The ability of a test to detect a broad range of MRSA clones is particularly important for an assay that may be used across a wide geographic region as tests with gaps in detection could potentially ‘select out’ strains whose spread would be uncontrolled.

Beside a variety of method-inherent limitations, rapid DNA-based methods amplify the nucleic acid and not the organism, which means the MRSA strain is unavailable for further characterization, such as determination of the resistance profile and strain typing. In contrast, applying the rapid growth-based assay tested here, any further examinations to characterize the respective strains will be possible from the enrichment broth.

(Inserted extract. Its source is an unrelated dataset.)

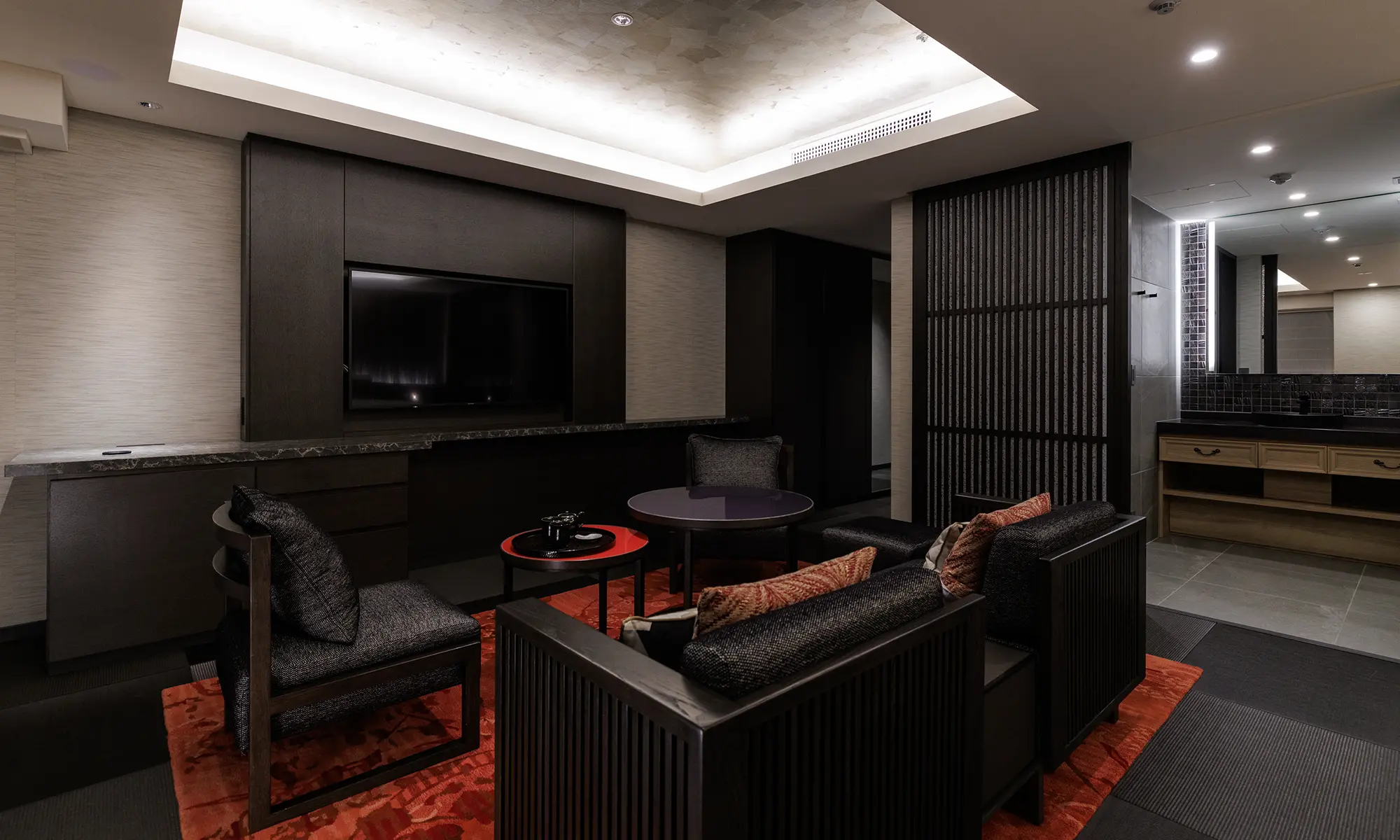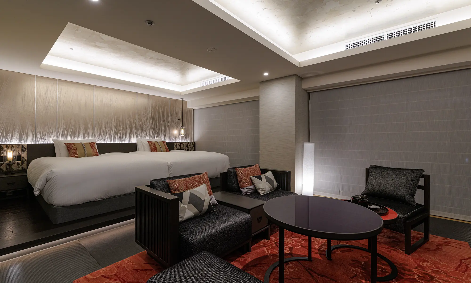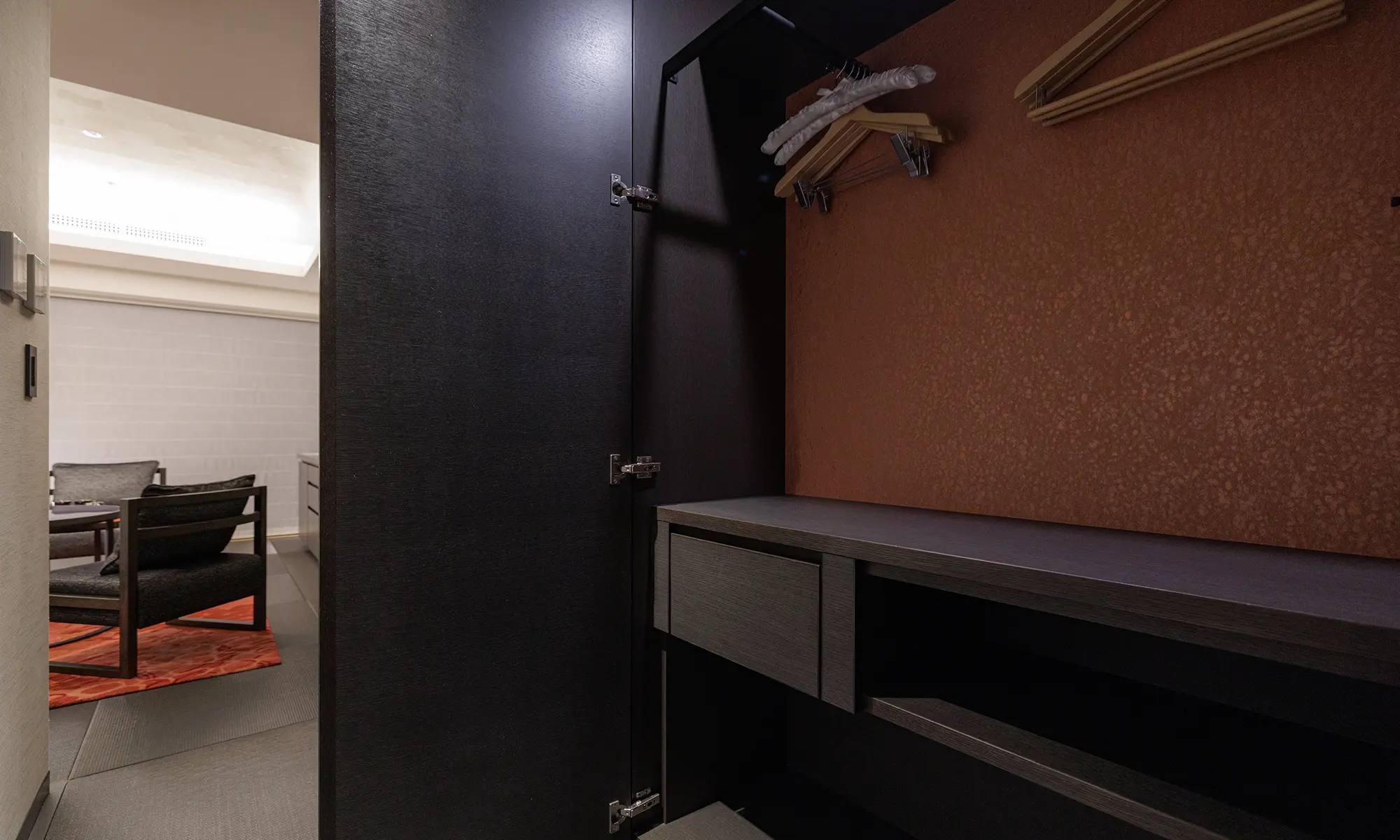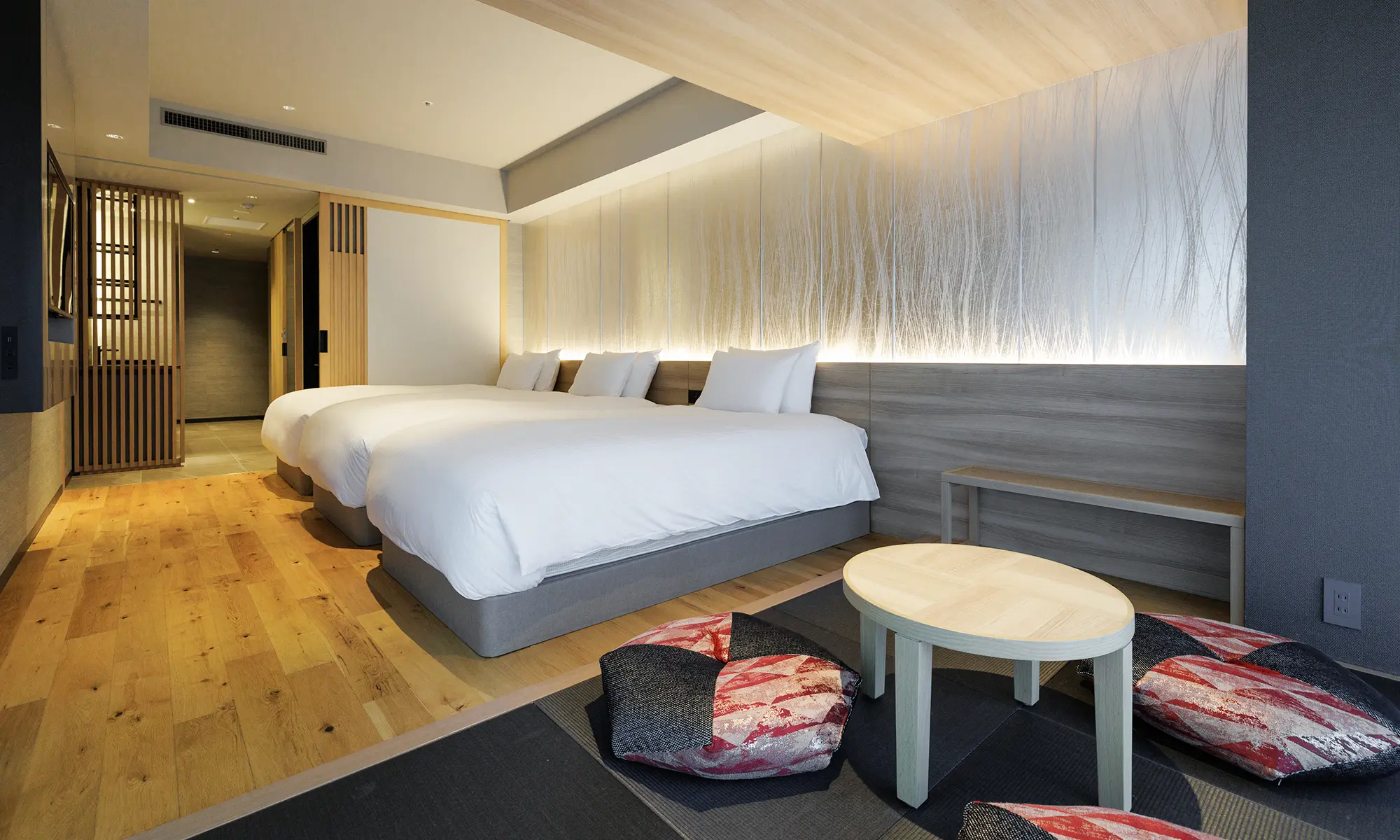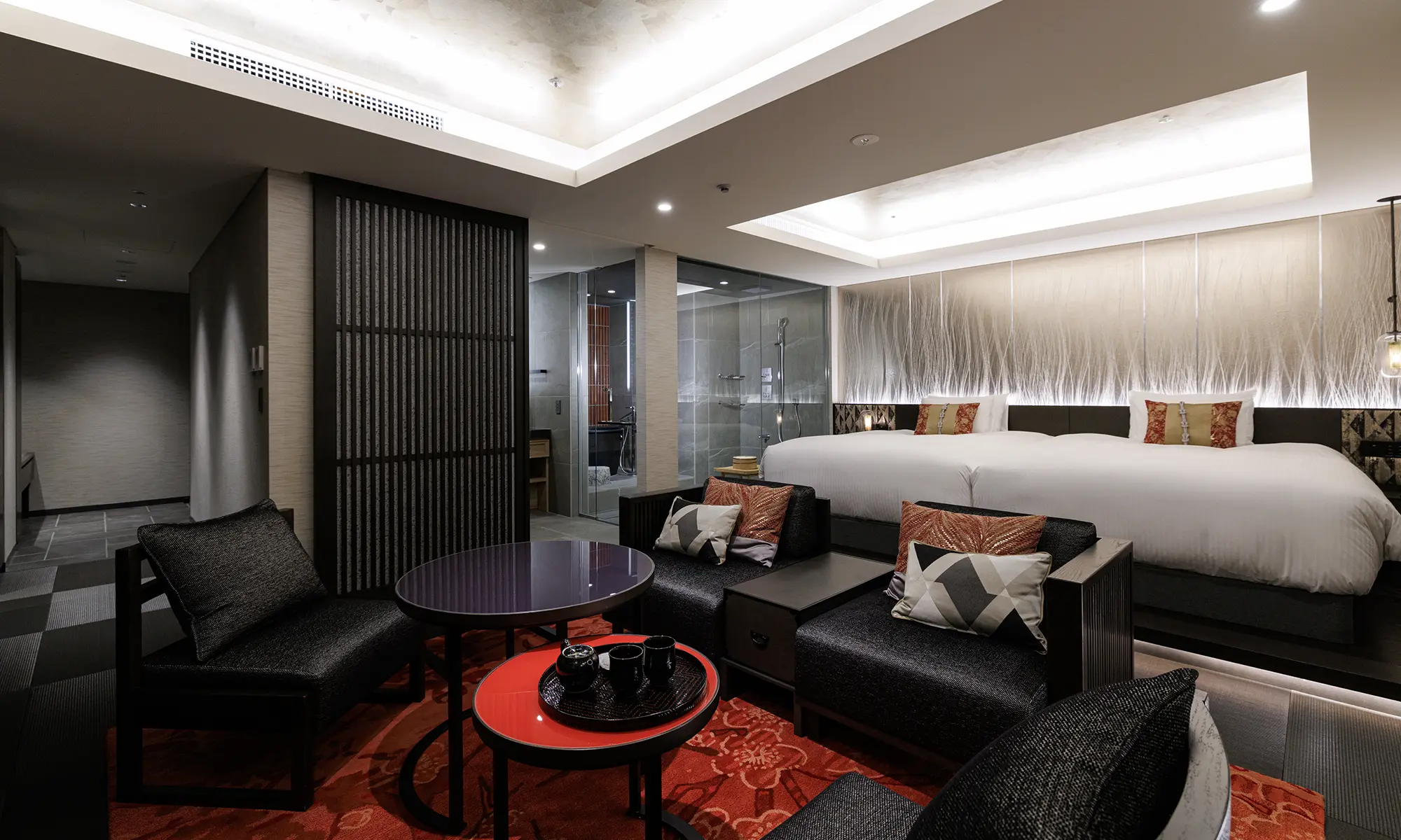 55m2的宽敞房间,常设4张标准床。在房间里面的榻榻米空间,为大家准备了可以放松的京都煎茶。另外,有两处宽敞的洗漱空间,出门的早晨也可以悠闲地准备。最适合家庭或团体住宿。

For the 3M™ BacLite™ Rapid MRSA Test, a diagnostic sensitivity of 94.6% and diagnostic specificity of 96.9% for nasal screening swabs and 95.9% sensitivity and 88.8% specificity for groin screening swabs, respectively, have been reported.[4,5] The analytical limit of detection of the assay was shown to be ≤94 cfu (3M™ BacLite™ Rapid MRSA Test, Instructions for Use).[4,5]

Here, the new growth-based rapid MRSA assay was shown to detect without exception all MRSA strains of large collections of strains comprising highly diverse genetic backgrounds. Such a phenotypic test might be potentially more likely to cope with new strains. Further studies are warranted to evaluate this method using clinical specimens.

Funding

This work was supported in part by a grant from the Bundesministerium für Bildung und Forschung (BMBF), Germany (Pathogenomic Plus Network PTJ-BIO/0313801B). The device and the respective assay consumables were given to us by 3M for this study.

Transparency declarations

Two of the authors (A. W. F. and K. B.) delivered independent scientific presentations at 3M-supported symposia. C. v. E. is a member of 3M’s Scientific Advisory Board. All other authors: none to declare.